アゼル政府は昨年12月、アルメニアからナゴルノカラバフに通じるラチン回廊を封鎖し、アルメニア人が生活する一部地域への物資輸送が大幅に制限される事態となっていた。
アゼル政府は19日、アルメニアの破壊工作員が仕掛けた地雷により兵士2人と民間人4人が死亡したことを受け、ナゴルノカラバフへの「対テロ作戦」を開始。アゼル陸軍による集中砲火を受けたナゴルノカラバフ政府はまもなく降伏し、アゼル政府の要求を全面的に受け入れた。
ナゴルノ政府は28日、同政府を年内に解散すると発表。

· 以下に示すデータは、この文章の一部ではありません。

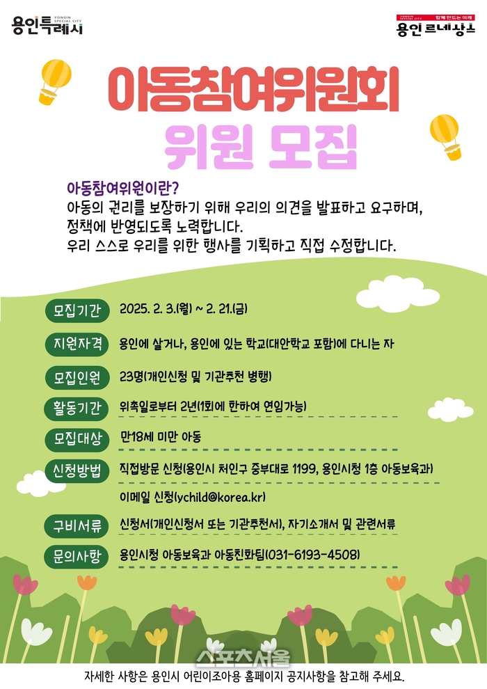 〔스포츠서울│용인=좌승훈기자〕경기 용인시는 오는 21일까지 아동 정책 수립 과정에 직접 참여할 ‘제7기 아동참여위원회’ 위원 23명을 모집한다고 2일 밝혔다.
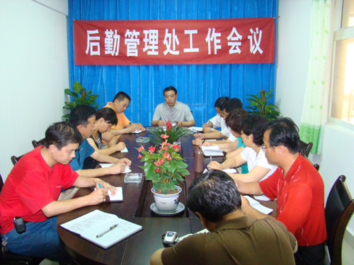 会议由台世强处长主持,他结合学校会议精神,就后勤管理处的迎新准备工作、综合治理工作、教学评估工作、学校宣传片制作等相关工作进行了安排部署,重点就教室服务、公寓管理、饮食管理工作进行了认真地分析研究,以确保教学工作的顺利进行。会议还针对我校教学评估、综合治理工作的实际,要求加强环境卫生、校园绿化的管理,给师生一个文明、干净、整洁的校园环境。
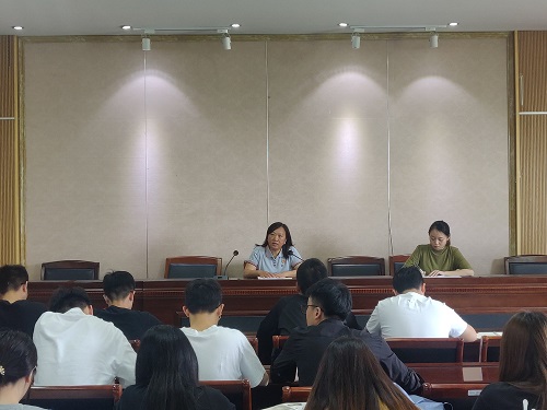 6月4日,计算机与软件学院党总支书记刘英慧在敬业楼415室为学院2021届党员毕业生上最后一堂党课。
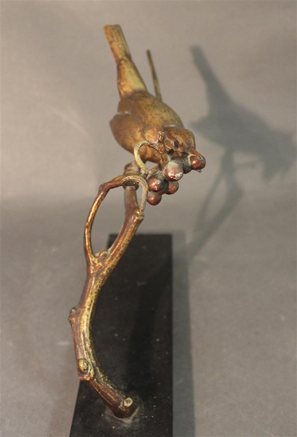 André Vincent BECQUEREL (1893-1981), "Oiseau branché saisissant des fruits", sculpture en bronze, patine dorée et rouge, socle en marbre noir, L. 26 H. 27 cm (patine rouge des grappes légèrement effacée par endroits, un petit éclat pour trois coins du marbre)

これにより、30年にわたる分離独立紛争は事実上終結した。
アルメニアのパシニャン(Nikol Pashinyan)首相はアゼル政府によるアルメニア系住民の追放を「民族浄化」と呼び、国連、米国、国際司法裁判所などにナゴルノカラバフを監視するよう求めている。
アゼル外務省は30日、「ナゴルノカラバフ住民の集団移住は個人の決定に基づくものであり、我々が強制したというアルメニアの主張は誤りだ」と非難した。
アゼル当局は30日、ナゴルノ政府の大統領顧問を国境検問所付近で逮捕したと発表。大統領を含むその他の政府高官も相次いで逮捕されている。